How could it be that I am sitting in one of my last lectures of my junior year? Just a short time ago, I meandered around Clemson for the first time on freshman move in night; I stumbled upon my first college party, and got drunk with my new classmates for the first time. Just a short time ago, I went through my first grueling finals week and found out what it was like to get bad grades for the first time. Just a short time ago, I was still a child.

That all feels like it was a million years ago and also five minutes ago at the same time. During that span of time, however long it may have actually been, I have learned. I have learned a lot, gained a lot, lost a lot and – above all else – loved a lot. I have loved my choice of school, I have loved my friends, I have loved the best and worst times alike. I just wish I knew something: how quickly it would flash by.

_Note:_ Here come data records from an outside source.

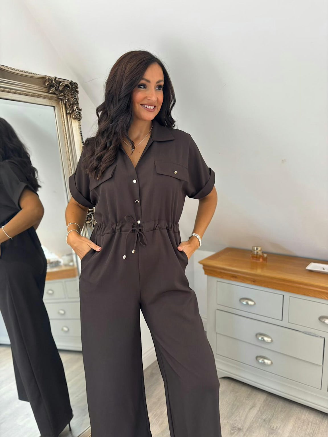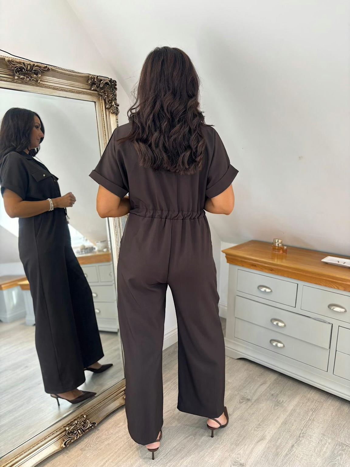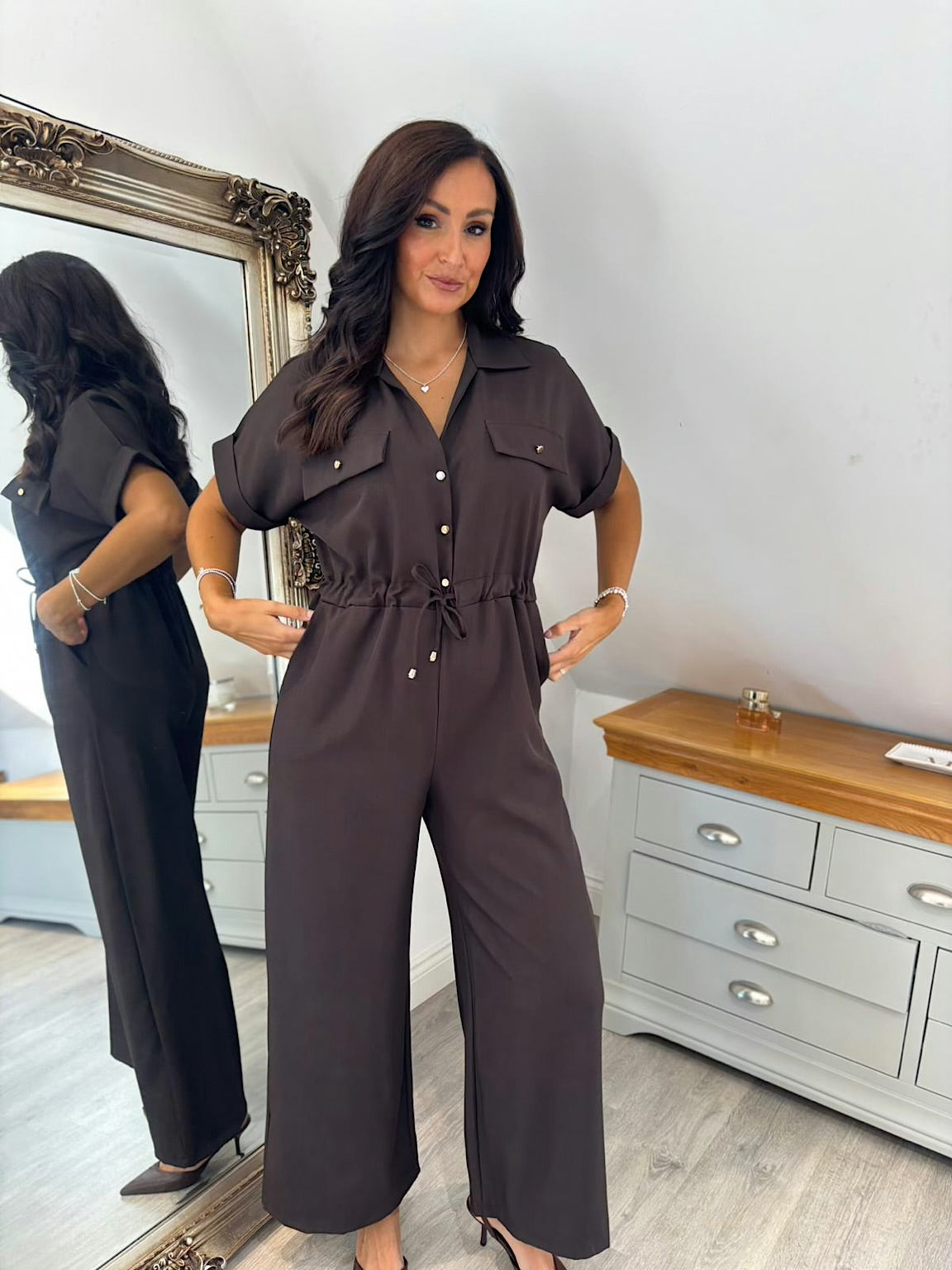 Chocolate Wide Leg Collared Jumpsuit Carrie
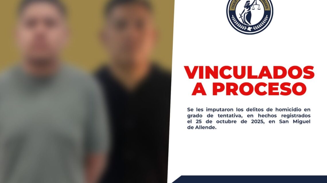 San Miguel de Allende, Gto., a 05 de noviembre del 2025.- La Fiscalía General del Estado informó que un juez vinculó a proceso penal a Carlos Ernesto “N”, alias ‘Tanque’, y Juan Antonio “N”, alias ‘Camaney’, por su probable participación en un homicidio en grado de tentativa.
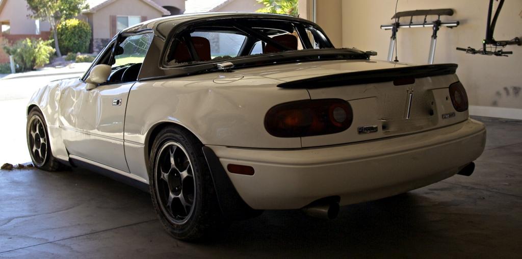 Imagine for a second that you just bought a car, but that car was located 1800 miles away, meaning you had to travel that distance to collect the car, and then drive it all the way back home. Now, keep your imagination going, and ponder how you’d feel if that same car got stolen from your driveway less than one week after you bought it. Pretty shattering, right? Well, what if it wasn’t just stolen, but also crashed, flipped, and completely totaled by the theif? I think I’d curl up in a ball and just cry. But not Jeff, the owner of this turbo’d Mazda Miata/MX5. After taking a week to grieve, he sought about buying a replacement car and rebuilding it piece by piece, ensuring no dirty or unpainted/polished product so much as touches the car. It culminates in one of the cleanest MX5’s on the planet, better than when it rolled off the production line.
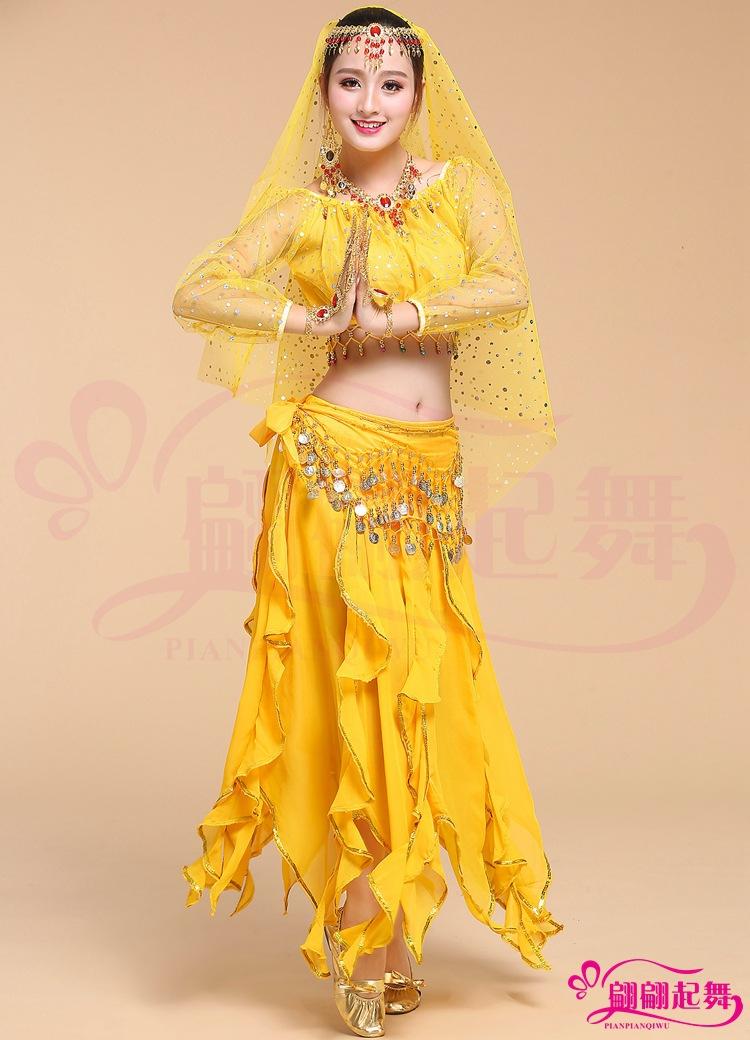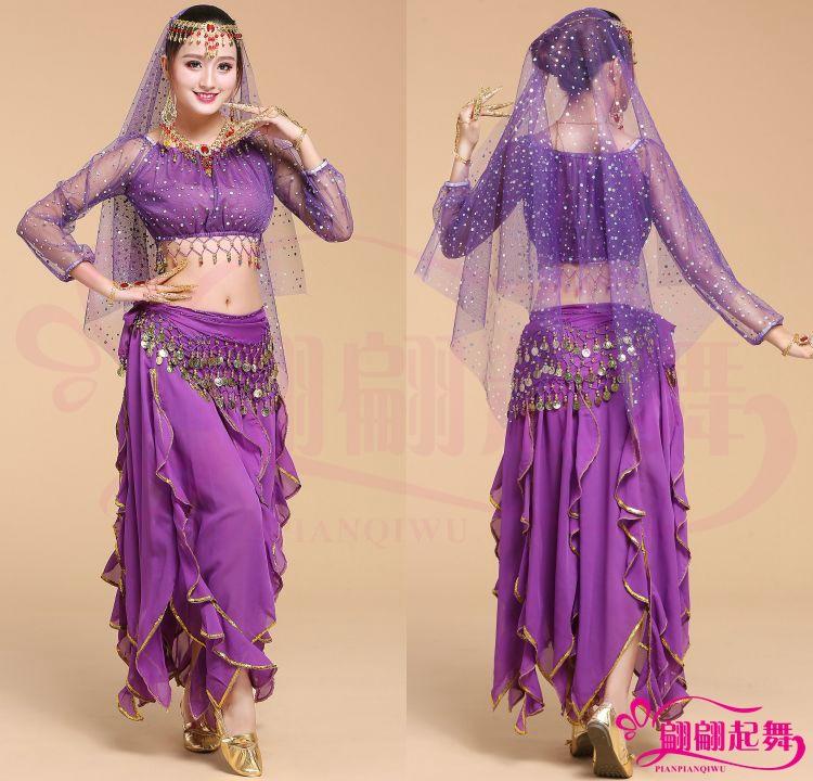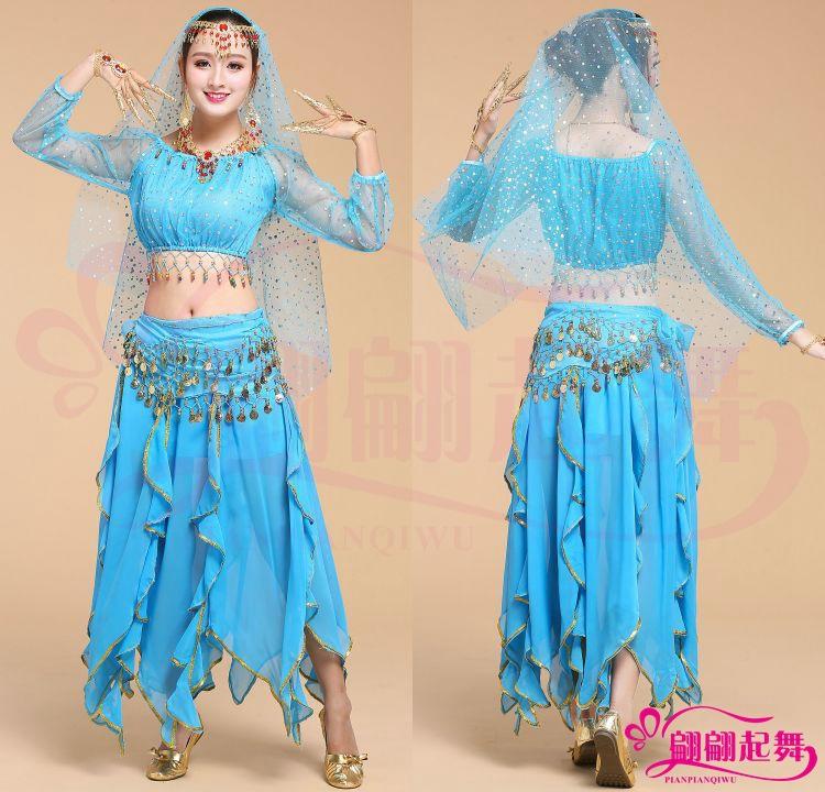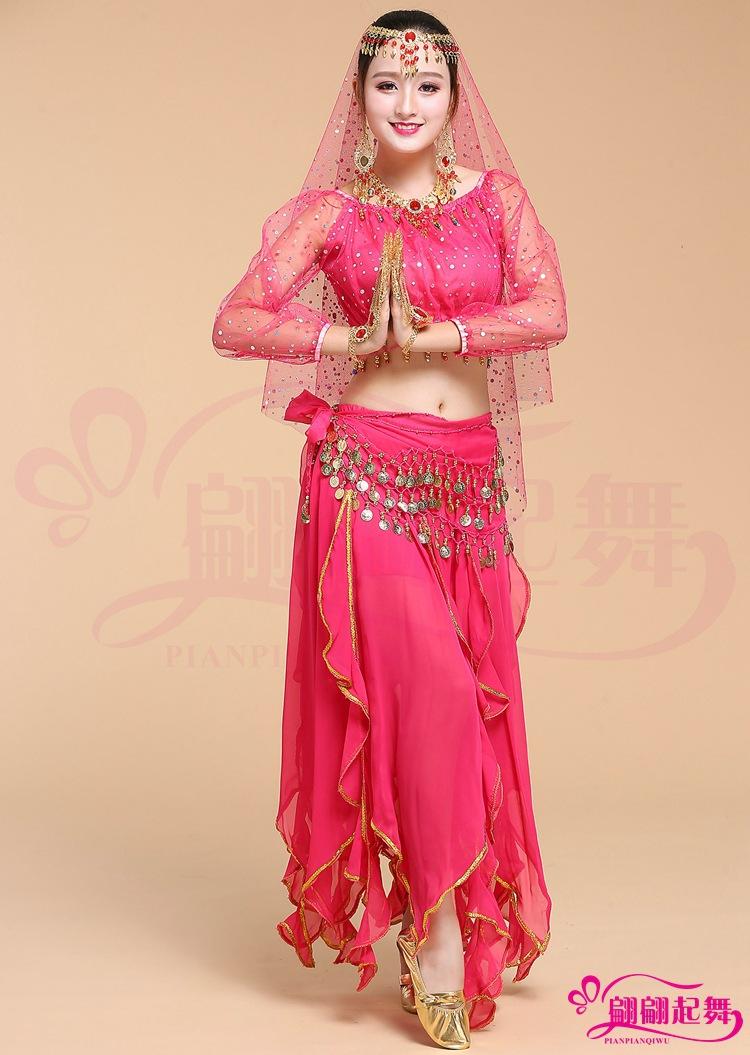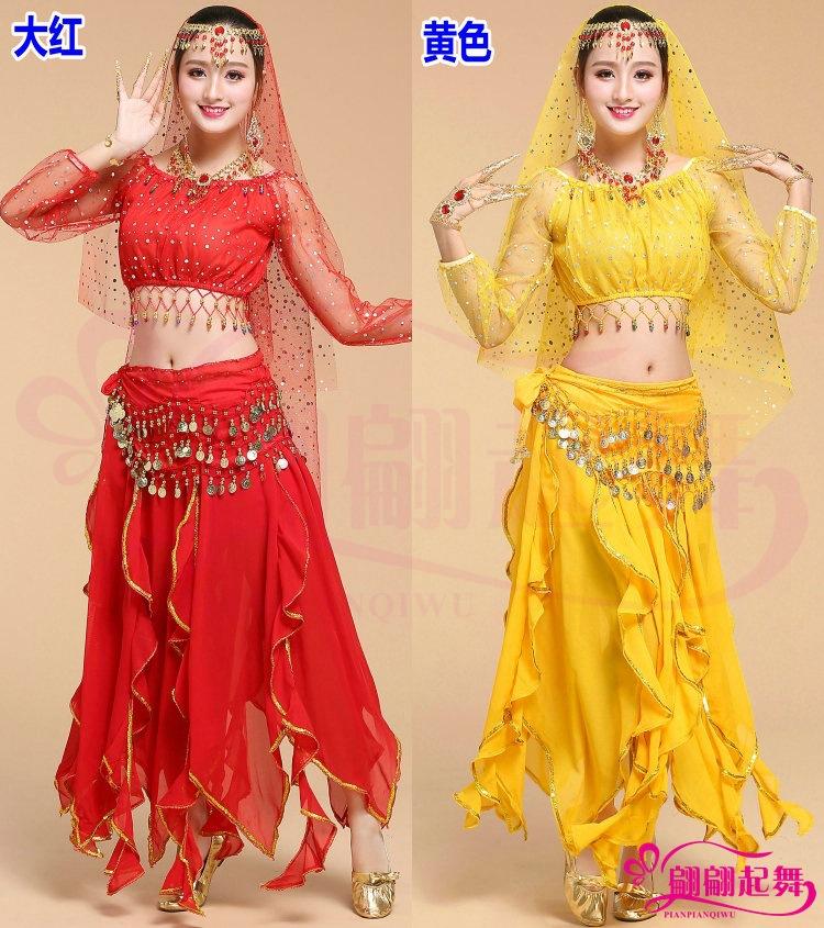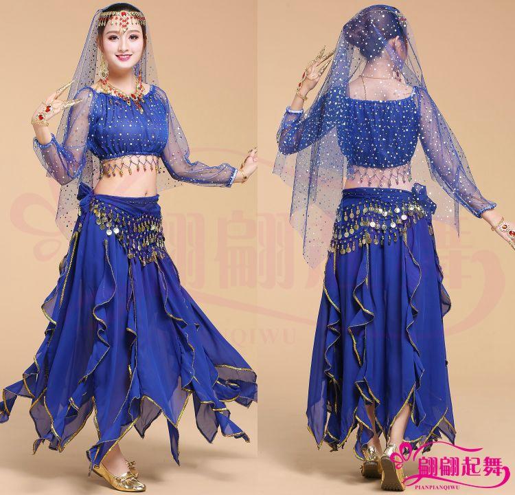 [Nombre]: Nuevo traje de danza del vientre, traje de actuación, falda colorida de manga larga, traje de práctica

As an underclassman, I wish I knew that time at Clemson wasn’t infinite.

As an underclassman, I wish I knew that the friends I tried to make early on didn’t define me.

As an underclassman, I wish I knew that the friends I did make would sometimes fade away.

As an underclassman, I wish I knew that the social circles I was in at the time likely wouldn’t matter at all.

As an underclassman, I wish I knew that those occasional bad grades weren’t the end of the world.

As an underclassman, I wish I knew that personal dreams and aspirations would change as I got older – and that it was totally OK.

As an underclassman, I wish I knew that I wouldn’t feel inadequate indefinitely.

As an underclassman, I wish I knew just how much this experience would age me physically, mentally and emotionally. And how perfectly okay I would be with that.

As an underclassman, I wish I knew the utter joy that going through all of this would eventually bring me today, a day in which I am starting to understand the gravity of how lucky I am to have been put here.

I wish I knew how to accurately put into a word the singular feeling that all of this combines to inspire in me. What I want you to know is that you must savor, cherish and enjoy each and every moment at this place. This wonderful, scary, loving, hardening, relentless, ruthless and breathtakingly beautiful place that will give, take and teach you so much. From someone who wishes he still had as much time as you might: enjoy it. Every last minute.